To install the actual Perl modules themselves, and the executable
correlations and makeMicroarrayDataset.pl programs, type the following
(note, the 'make install' step requires administrative privileges -
see your sysadmin if you don't have them):

     perl Makefile.PL
     make
     make test
     make install

If you don't have administrative privileges, or want to install the
modules and excutables (correlations and makeMicroarrayDataset.pl)
into a location other than the default location on your machine, then
use the following:

    perl Makefile.PL INSTALLDIRS=site INSTALLSITELIB=/home/your/private/dir/lib INSTALLSCRIPT=/home/your/private/bin
    make
    make install

Replace /home/your/private/dir/lib with the full path to the directory
you want the libraries placed in, and /home/your/private/bin with the
full path to the directory that you want the executables placed in.
Note that if you install the libraries in a non-standard place, prior
to doing the install step you should edit the
bin/makeMicroarrayDataset.pl program to include that path (with a 'use
lib' statement), so that the installed version can find the library.

See the documentation for ExtUtils::MakeMaker for more details about
how to modify the behaviour during the make process:

http://search.cpan.org/dist/ExtUtils-MakeMaker/

A Note About Directories

Programs within the GeneXplorer distribution are picky about directory
structures, in that they expect a certain directory structure to
exist when a dataset is created (see below), and when the contents of
a dataset are subsequently used by the gx application.  You will need
to have a web accesible directories where images can be read from over
http for general images used by GeneXplorer, images used for a
particular dataset, and images that are created on a temporary basis.
You will also need a cgi-bin directory where the gx application itself
will exist, and a directory in which the dataset files can be stored
and read by the cgi application.  Your set up needs to look something
like this:

/<rootpath>/
		html/
			tmp/		# for temporary images
			explorer/	# under which images specific
					  for a dataset are created
				images/ # for general GeneXplorer images

		cgi-bin/		# gx resides here
		data/			
			explorer/	# datafiles for a dataset reside here
		lib/

in the above example, when creating a dataset, a directory, based on
the name of the dataset, would be created under each of :

/<rootpath>/html/explorer/
/<rootpath>/data/explorer/

where files specific to that dataset will be stored.

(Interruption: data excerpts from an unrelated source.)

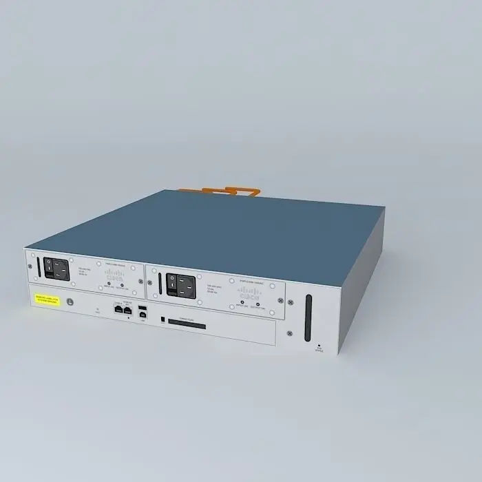 This 3D model was originally created with Sketchup 13 and then converted to all other 3D formats. Native format is .skp 3dsmax scene is 3ds Max 2016 version, rendered with Vray 3.00 Cisco 4900M2 10-GE ethernet switch with some X2 cables shown.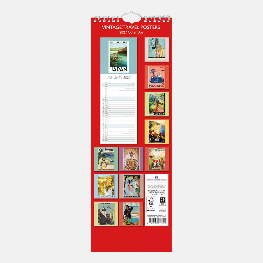 2027 Slimline Calendar – Vintage Travel Posters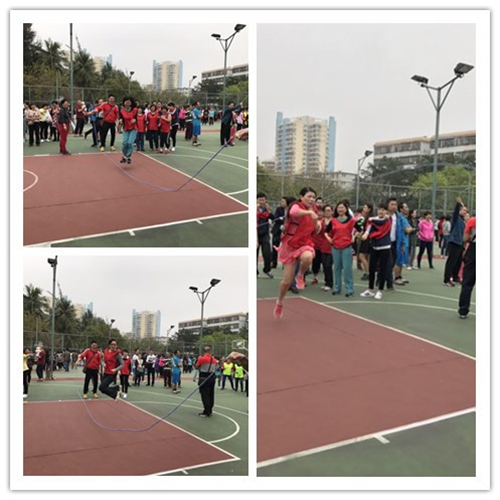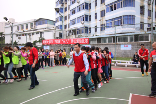 2017年3月7日下午,为庆祝第107个国际妇女节,丰富教职工文体生活,由校工会主办的庆“三八”趣味活动比赛在教工篮球场举行。伟德国际bevictor1946教师积极响应,踊跃报名,认真准备,组建了一支活力四射、实力强劲的代表队参赛!王丽娜书记、李昌郁副书记到场为大家加油打劲。本次活动由三个项目组成,分别是:“8”字跳长绳、巨人脚步和珠行万里。比赛现场,公司女教职工们团结协作、力争上游,兴高采烈地完成了三项趣味活动,充分展示了公司女职工的精神风貌,展现了女性之美,取得了较好的成绩。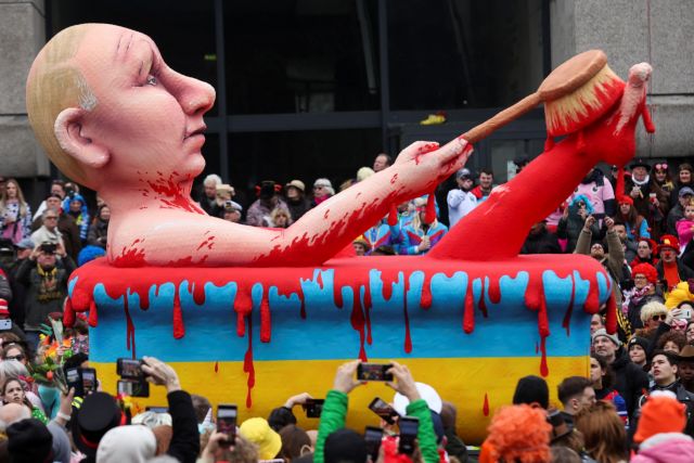 Ένα καρναβαλικό άρμα που απεικονίζει τον Ρώσο πρόεδρο Βλαντιμίρ Πούτιν να κάνει μπάνιο στο αίμα, στην καρναβαλική παρέλαση “Rosenmontag” (Δευτέρα των Ρόδων) στο Ντίσελντορφ της Γερμανίας, 20 Φεβρουαρίου 2023. REUTERS/Thilo Schmuelgen

The gx application assumes that there exists a rootpath (server_root
above), under which will be an html directory, and underneath that
there will be a tmp and an explorer directory.  This is somewhat
inflexible, and will be made more configurable in a future release.

The bottom line is that you MUST create a directory structure that
looks like the one above, where the html directory is the DOCUMENT_ROOT.

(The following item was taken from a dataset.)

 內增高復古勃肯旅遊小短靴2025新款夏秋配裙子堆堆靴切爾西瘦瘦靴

What is a displayConfig file?

It is a file that allows you to specify some of the look and feel of 
gx, and to where certain things should link etc.  Some examples are 
in the data/explorer directory.

Using GeneXplorer

Once you have installed the Perl modules, and compiled the
correlations binary and placed it in an appropriate location, you are
almost ready to start using GeneXplorer.  There are two stages to
using GeneXplorer:

1.  Creating a dataset.

To create a dataset, you will need a cdt file, whose format is
described at:

http://genome-www5.stanford.edu/MicroArray/help/formats.shtml#cdt

A cdt file is created using a program to hierarchically cluster
microarray expression data.  Many programs exist to do this
hierarchical clustering, e.g.:

Cluster:      http://rana.lbl.gov/EisenSoftware.html

Cluster 3.0 : http://bonsai.ims.u-tokyo.ac.jp/~mdehoon/software/cluster/index.htm

XCluster    : http://genetics.stanford.edu/~sherlock/cluster.html

There are cdt sample files in the data/sample/ directory of this
distribution.

Once you have a cdtfile, you can now use the makeMicroarrayDataset.pl
program to create a dataset from it.  Before you run it, you need to
make sure of two things:

i.  The correlations binary that you installed must be in your path.

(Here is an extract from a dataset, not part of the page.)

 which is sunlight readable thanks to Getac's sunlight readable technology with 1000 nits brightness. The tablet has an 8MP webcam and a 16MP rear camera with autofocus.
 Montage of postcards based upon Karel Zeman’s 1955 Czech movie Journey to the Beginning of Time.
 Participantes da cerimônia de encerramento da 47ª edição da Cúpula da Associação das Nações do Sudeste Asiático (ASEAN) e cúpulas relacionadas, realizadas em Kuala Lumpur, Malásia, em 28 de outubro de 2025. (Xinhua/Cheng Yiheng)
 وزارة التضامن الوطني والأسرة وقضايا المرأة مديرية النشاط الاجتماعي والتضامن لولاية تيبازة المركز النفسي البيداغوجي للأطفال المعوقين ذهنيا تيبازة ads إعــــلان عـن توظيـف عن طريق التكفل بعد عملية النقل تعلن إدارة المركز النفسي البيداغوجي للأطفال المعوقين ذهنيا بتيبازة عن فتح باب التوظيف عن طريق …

ii. The location where you just installed the perl modules must be in your
    path, or edit makeMicroarrayDataset.pl to add a 'use lib'
    statement such that it can find them.

There are several command-line options for makeMicroarrayDataset.pl
(execute it with no parameters, and it will print out its usage
information):

makeMicroarrayDataset.pl -file <file/name> -name <intended/dataset/name> \
[-rootpath <your_root_directory> -contrast <float> -colorscheme <rg|yb> -verbose]

        -file           = (required) input file (currently only '.cdt' files supported)

        -name           : (required) dataset name to be created
                          (may be delimited by slashes(/) to imply hierarchy)

        -rootpath       : root directory, under which must exist html
			  and data directories
                          
        -contrast       : (optional) contrast value for the generated images
                          (defaults to 4, As the data are expected to
                           be in log base 2, this corresponds to a
                           16-fold change as the maximum color in any
                           image)

        -colorscheme    : (optional) color scheme used for generating the images
                          (rg = red/green, yb = yellow/blue ; defaults to yellow/blue)

        -verbose        : (optional) whether show feedback messages during run
			  (no value required - simply provide the parameter)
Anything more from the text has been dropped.